Пофиг Валентину Эдуардовичу. Я встряхнулся и глянул на Вербицкого. Спорить не хотелось, но… должно же быть какое-то объяснение действиям государя?!
– И все же, Анатолий Семенович, слова его величества не идут у меня из головы. Допустим, это не расправа. Предположу даже, что было следствие и государь официально судил и приговорил убийц Скуратова-Бельского… Но тогда к чему такие сложности с моим участием в «охоте»? Да и сама охота… вам не кажется, что это как-то странно?

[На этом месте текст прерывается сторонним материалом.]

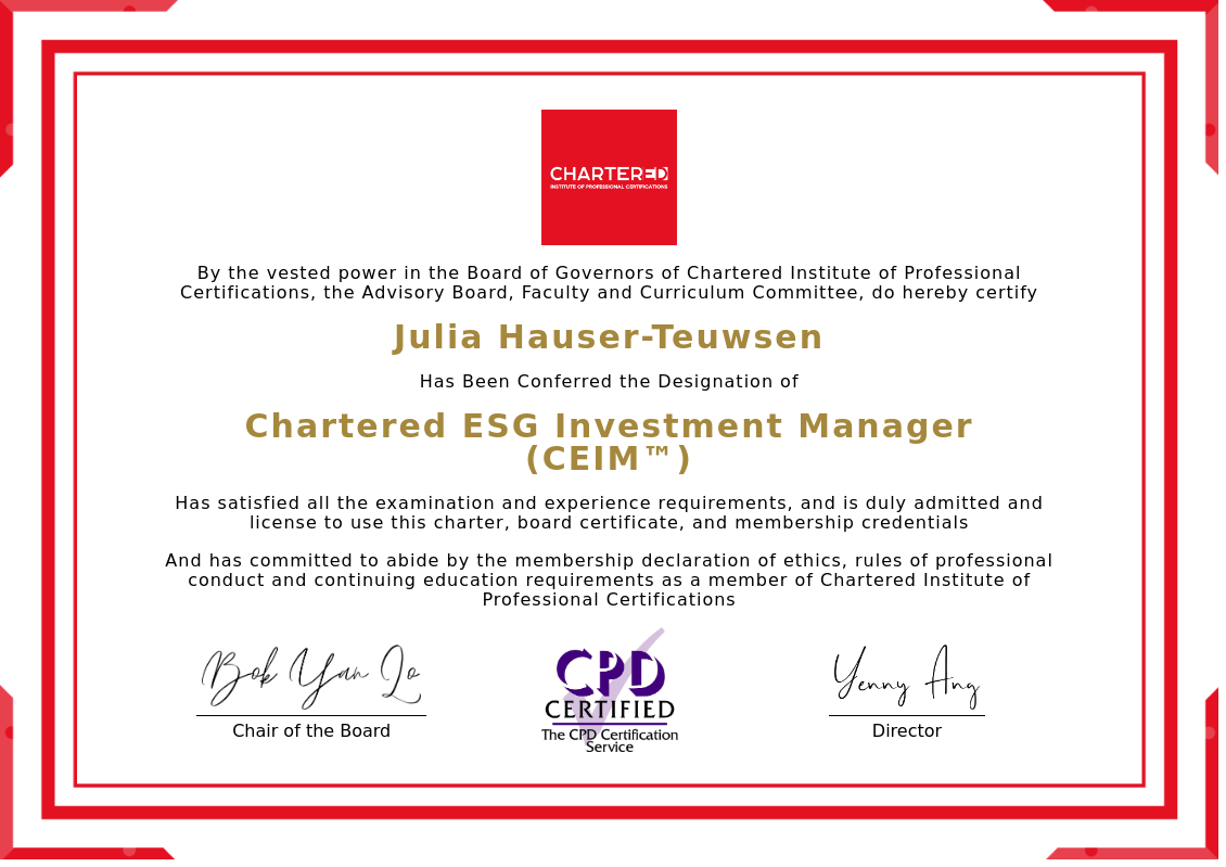The certificate above verifies that Julia Hauser-Teuwsen successfully satisfied all the exam and experience requirements and is duly admitted and licensed to use this Charter Chartered ESG Investment Manager (CEIM™), board certificate.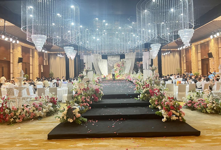 國慶期間,金灣酒店張燈結(jié)彩,處處洋溢著喜慶的氛圍。華麗的宴會廳被精心布置成一個個夢幻的婚禮殿堂,璀璨的燈光、嬌艷的鮮花、精美的裝飾,無一不展現(xiàn)著酒店對每一場婚宴的用心與專注。

– Не кажется, – невозмутимо покачал головой Вербицкий. – Я, конечно, не в курсе подробностей переданного тебе Валентином Эдуардовичем предложения, но смею предположить, что виновники смерти твоего деда скрываются за рубежом либо являются иностранными подданными. В таком случае предложение государя становится абсолютно объяснимым. Официальной выдачи преступников из-за рубежа можно дожидаться годами… вплоть до их смерти от старости. Оставлять же преступления против государства безнаказанными нельзя. Поверь, в истории даже моего ведомства, несмотря на его… скажем так, внутреннюю направленность, были случаи, когда нам приходилось вывозить осужденных из других стран для приведения приговора в исполнение. Для этой цели государь может пользоваться любыми ресурсами государства невозбранно. А вообще, Кирилл, неужели ты не хочешь отомстить тем, кто убил твоего деда? В самом деле?
– Знаете, с чего началось наше с Никитой Силычем знакомство? – ответил я вопросом на вопрос. Вербицкий вопросительно приподнял бровь. – Я дал ему в морду.
Оба гостя замерли в удивлении, а потом Бестужев заухал, словно филин.
– В морду! Ярому и гранду. Генералу! Самому Чернотопу! Как бы я хотел это видеть!!! – чуть ли не завывая от хохота, басил Валентин Эдуардович, колотя кулаком по столу, отчего посуда дребезжала, словно при легком землетрясении.
– Стоп! Как ты мог… он же умер, когда тебе было восемь! – нахмурился Вербицкий.
– В подполье он ушел, а не умер, – вздохнул я. – Засел настоятелем в монастыре, да так и крутил интриги, пока его и в самом деле не грохнули вместе с самим монастырем.